This data has four firms, all on a single date. There are actually three IDs here: PERMNO, COMNAM, and CUSIP. PERMNO is the permanent security ID assigned by CRSP. COMNAM is obviously the firm name. CUSIP is a security-level ID, so multiple securities (e.g. bonds) from the same firm will have different CUSIPs, though the first six digits of the CUSIP will ID the firm. When you look up fund holdings with the SEC, you’ll get a CUSIP for each security held by the mutual fund, hedge fund, etc.
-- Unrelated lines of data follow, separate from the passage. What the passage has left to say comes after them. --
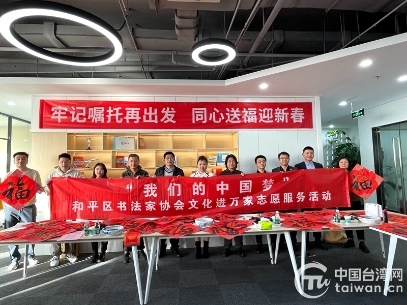 中國臺灣網1月20日訊 天津市和平區近日舉辦“兩岸一家親 共慶幸福年”臺胞迎新春聯誼活動,在區臺胞臺青臺屬與和平區社會各界群眾一起通過寫春聯送福字來表達迎接新年的好心情,沉浸式感受中華傳統文化的魅力。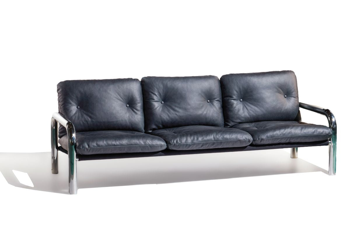 Experience timeless Bauhaus design with the United Strangers Rudolph 3-Seat Sofa, a striking statement piece that redefines contemporary seating. This modern sofa features iconic arching tubular steel armrests that extend to the floor, creating a bold silhouette that commands attention in any living space.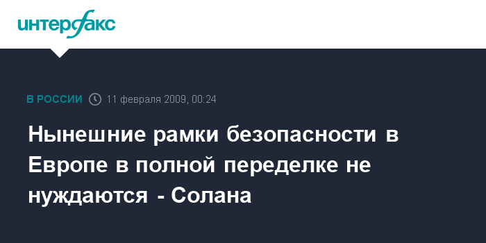 Нынешние рамки безопасности в Европе в полной переделке не нуждаются - Солана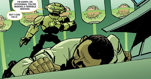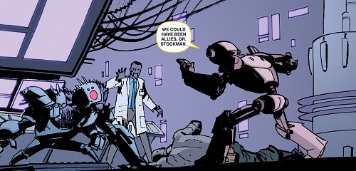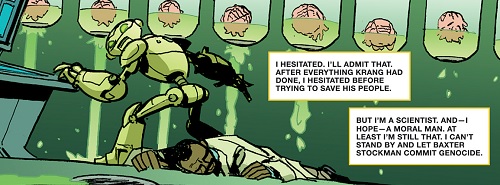 utrom-empire-2-comic-idw-1-fugitoid-baxter-utrom-tortues-ninja-turtles-tmntTravaillant dur pour achever le Technodrome, le professeur Honeycutt cherchait par tous les moyens une solution d’en finir avec sa vie et surtout qu’aucun scientifique de Krang ne parvienne à mettre la main sur les données conservées dans son disque dur. Même en se jetant d’une falaise de Burnow Island et terminant en pièces dans la mer, ils réussirent à le retrouver et le réparer correctement. Alors qu’un ouragan sévissait sur l’île, il dut prêter main forte au général Krang qui était bien décidé à remettre le courant dans ses locaux, constatant que quelqu’un avait vidé les cuves de stase des utroms (Utrom Empire, part. 2). Il savait qu’il s’agissait du travail de Baxter mais préféra ne rien dire à son sujet. Il ne craignait pas pour lui, mais bien pour les terriens si Krang l’apprenait. Dissimulant les preuves, il lui fit croire que Stockman l’avait aidé à stabiliser les cuves. Cela lui permettait également de garder la main mise sur Stockman qui voulait le tuer (Utrom Empire, part. 3).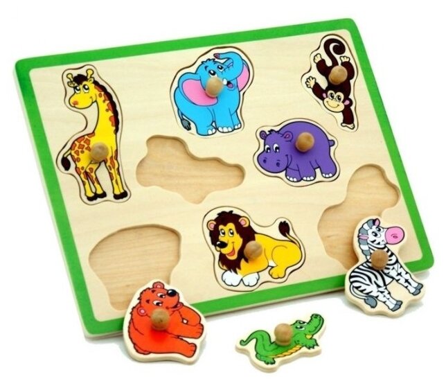 Пазл-вкладыш Viga Toys Дикие животные (50019) - простой и яркий деревянный пазл, специально созданный для тренировки физической и умственной активности малыша. Рекомендован для обучения по методике Монтессори, в детских садах и центрах развития. Подходит для инклюзивного образования.Особенности учебного набора:- прямоугольная деревянная доска содержит вырезанные контурные выемки для 8 соответствующих вкладышей в форме приветливых диких животных: жирафа, слона, обезьяны, крокодила, бегемота, медведя, льва и зебры;- рукоятка поможет ребенку держать и переносить вкладку, не спутав лицевую сторону с оборотом.Все элементы выполнены из экологически чистого сертифицированного бука и окрашены нетоксичными красителями. Их края сглажены, а поверхности тщательно отшлифованы. Продукция отвечает стандартам качества и безопасности детских игрушек: европейскому EN71 и американскому ASTM.Игрушки от именитого бренда применяют в детских садах, центрах развития, а некоторые даже при подготовке к школе.
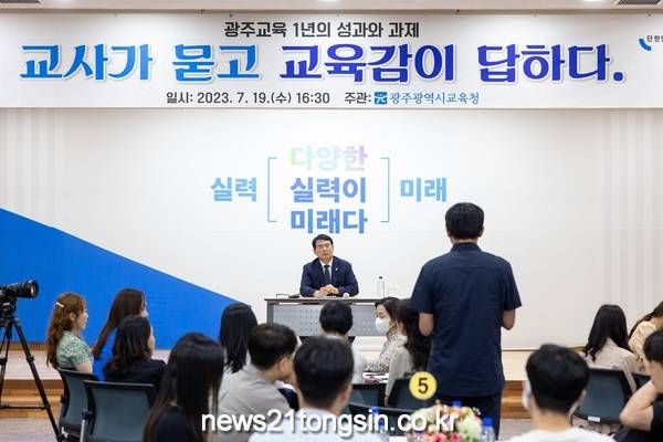 [뉴스21통신/장병기 기자] 광주시교육청이 지난 19일 시교육청 대회의실에서 100명의 교사와 함께하는 ‘교사가 묻고 교육감이 답하다’ 행사를 실시했다.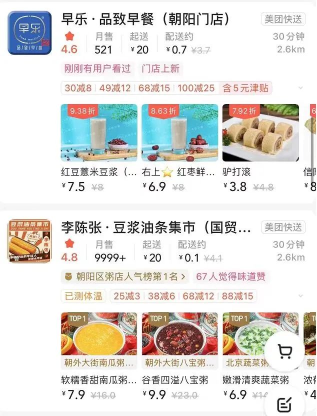 第一种是基于已有的餐饮门店,将早餐品类单独开外卖店铺。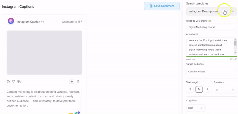 TextCortex kann Ihnen helfen, den Prozess des Schreibens von Bildunterschriften für soziale Medien zu beschleunigen.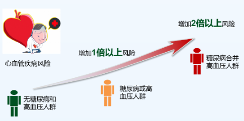 和無(wú)糖尿病、高血壓的人群相比,患糖尿病或高血壓能使心血管疾病風(fēng)險(xiǎn)增加1倍以上,同時(shí)患糖尿病和高血壓的患者,心血管疾病風(fēng)險(xiǎn)增加2倍以上。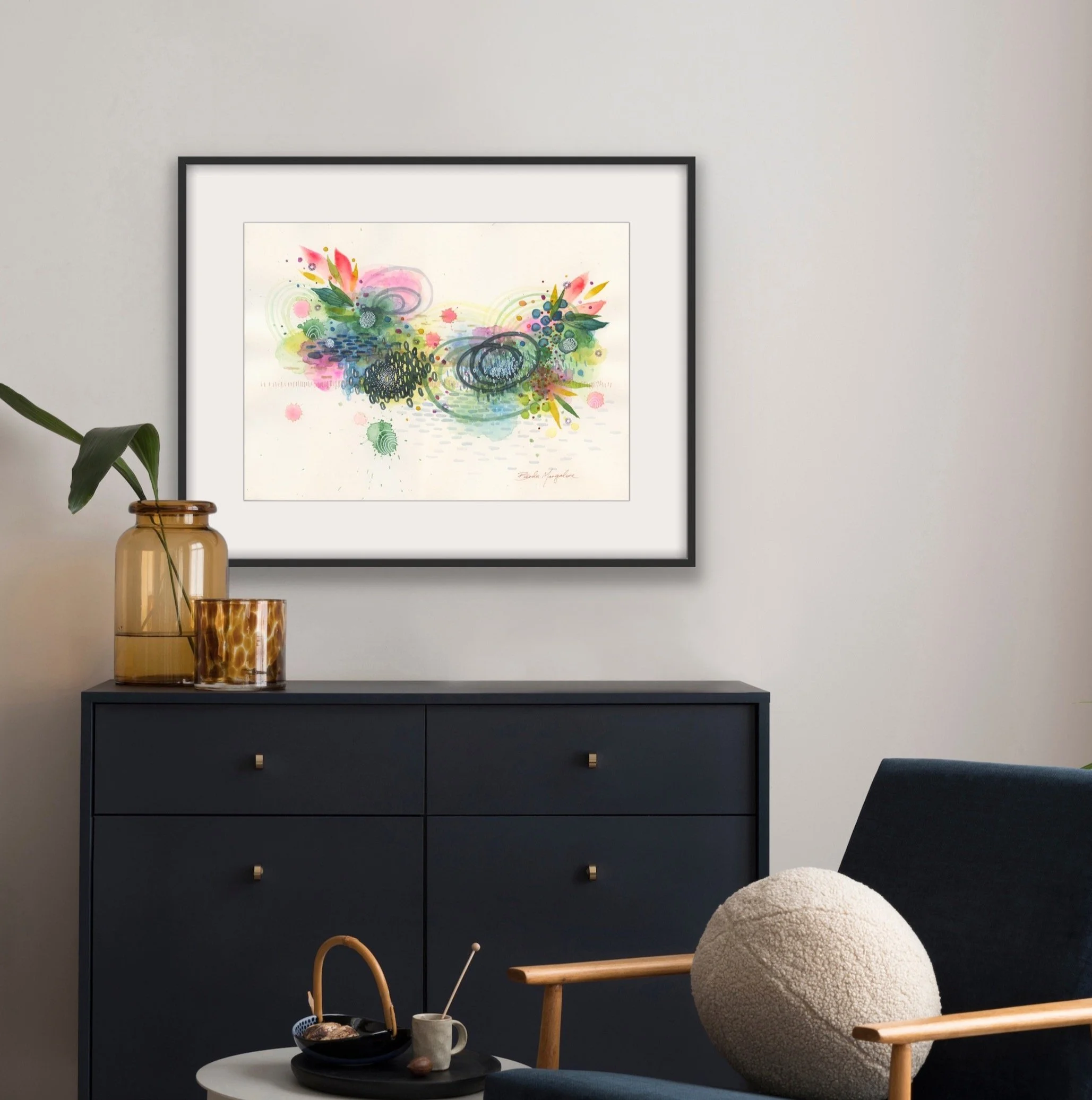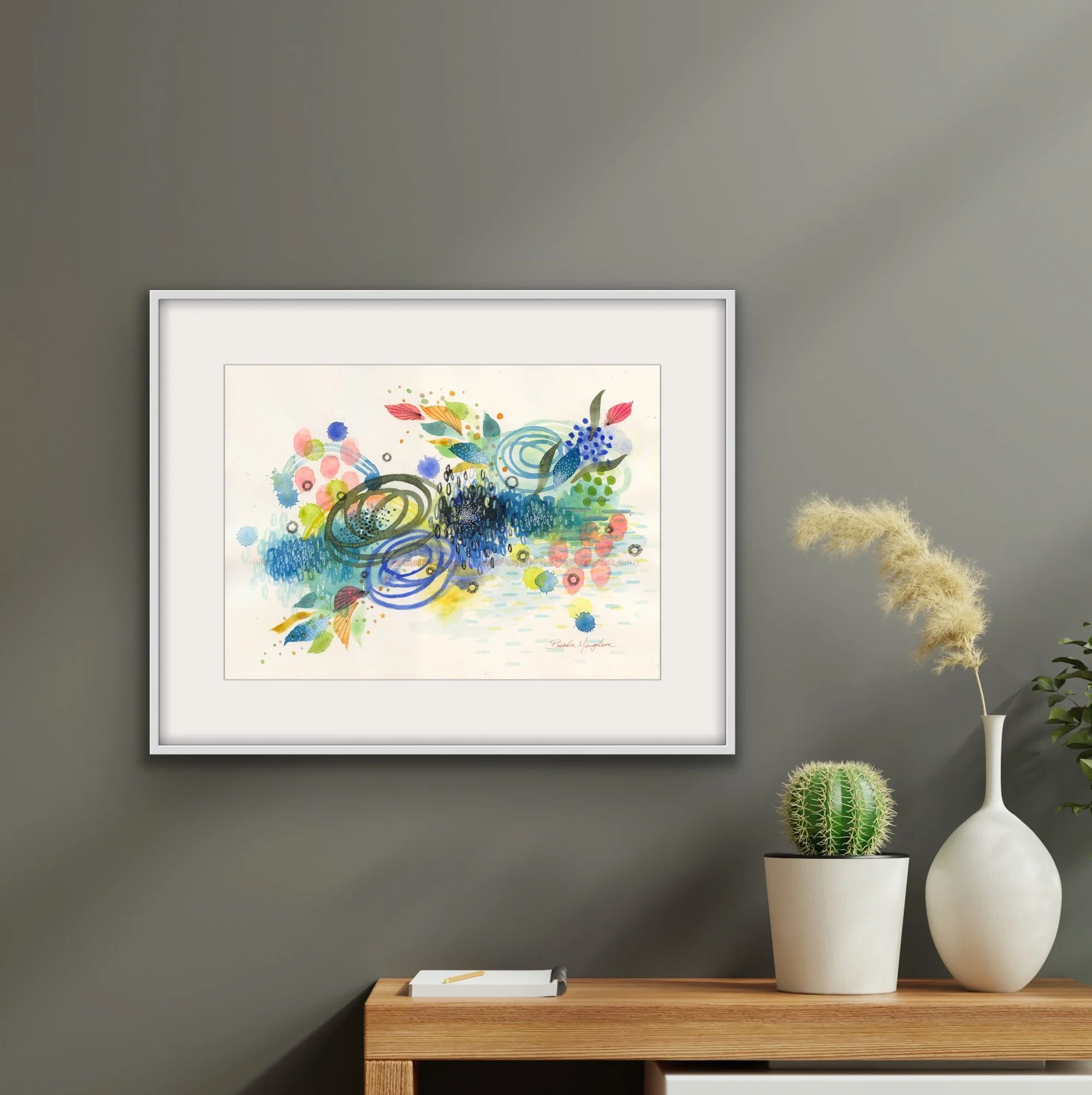 Each painting comes with a 16inch x 20inch mat for easy framing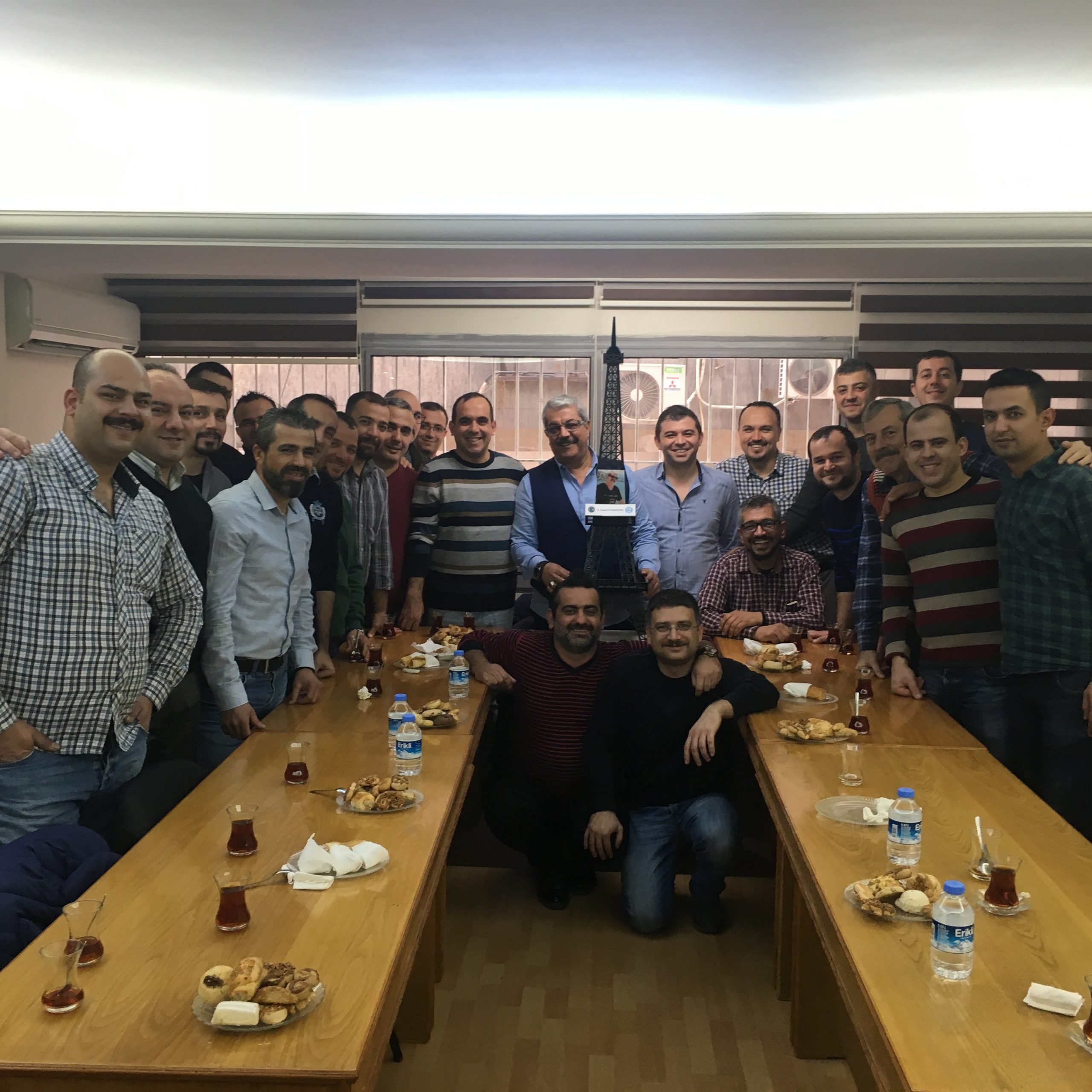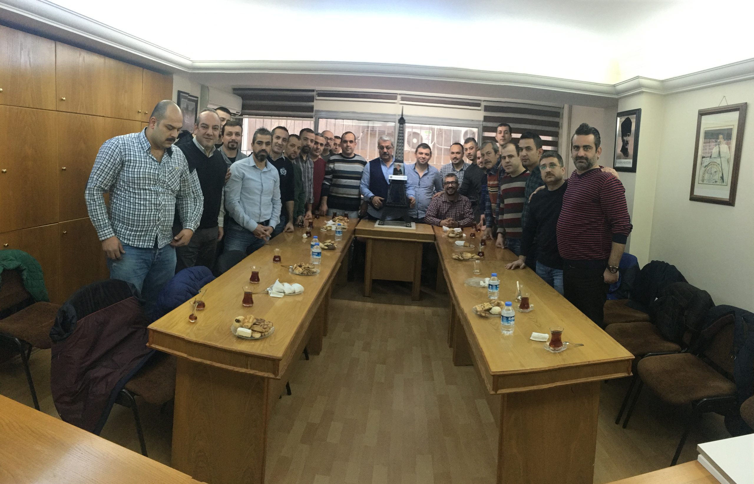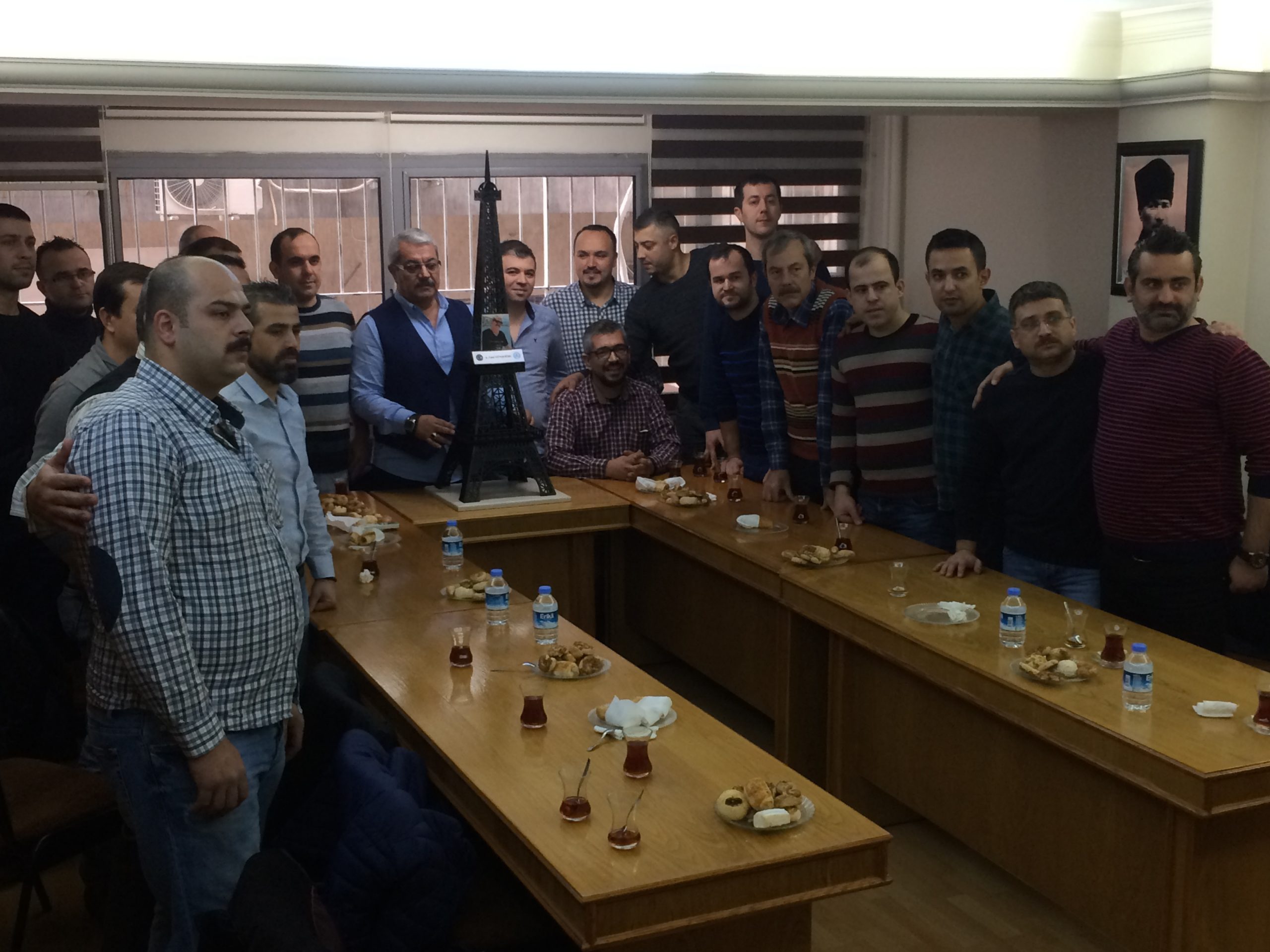 TİS görüşmeleri devam eden İzmir Şubemize bağlı Tetra Pak Paketleme San. ve Tic. Ltd.Şti. işyerinde çalışan üyelerimizin kendi el emeği göz nuru olarak yaptıkları demir Eyfel Kulesi maketini Şube Başkanımız A.Gani GÜNDOĞDU’ya vardiya çıkışı toplu olarak şubeye gelerek hediye etmişlerdir. Bu yıl Tetra Pak dünya fabrikalarında birinci olan İzmir Tetra Pak iş yerimizin hediyesini birinciliklerini kutlayarak alan Şube Başkanı A.Gani GÜNDOĞDU üyelerimize başarılarının devamını dilemiştir. Devam etmekte olan TİS süreci hakkında bilgi veren Şube Başkanımız üyelerimize teşekkür etmiştir.

There are then four variables for each security: price (PRC), return (RET), the price at the open (OPENPRC), and the number of trades on the NASDAQ exchange (NUMTRD) Exxon doesn’t trade on the NASDAQ, so that variable is missing, or NaN.

We can use pd.melt to take this wide-like data and make it long. Why do I say “wide-like”? This data is kind of a in-between class wide and classic long data. Classic wide data would have each column as a ticker or firm ID, with a single date column. Then, underneath each ticker, you might have that stock’s return on that day. What if you have both prices and returns? Well, each column might be something like AAPL_ret and AAPL_prc. This is not really ideal. But - note how many shapes the same type of data can have!

I’m sure that there is a more technical term than “wide-like”. You can find examples of multi-index data frames below, which start to explore some of the complexities with how we structure our data.

Let’s make this data even longer. Long data will have a firm identifier (or several), a date, a column that contains the names of the different variables (e.g. PRC, RET), and a column for the values of the variables. I will keep PERMNO as my ID, keep PRC and RET, name my variable column vars and my value column values. I’ll save this to a new DataFrame called long.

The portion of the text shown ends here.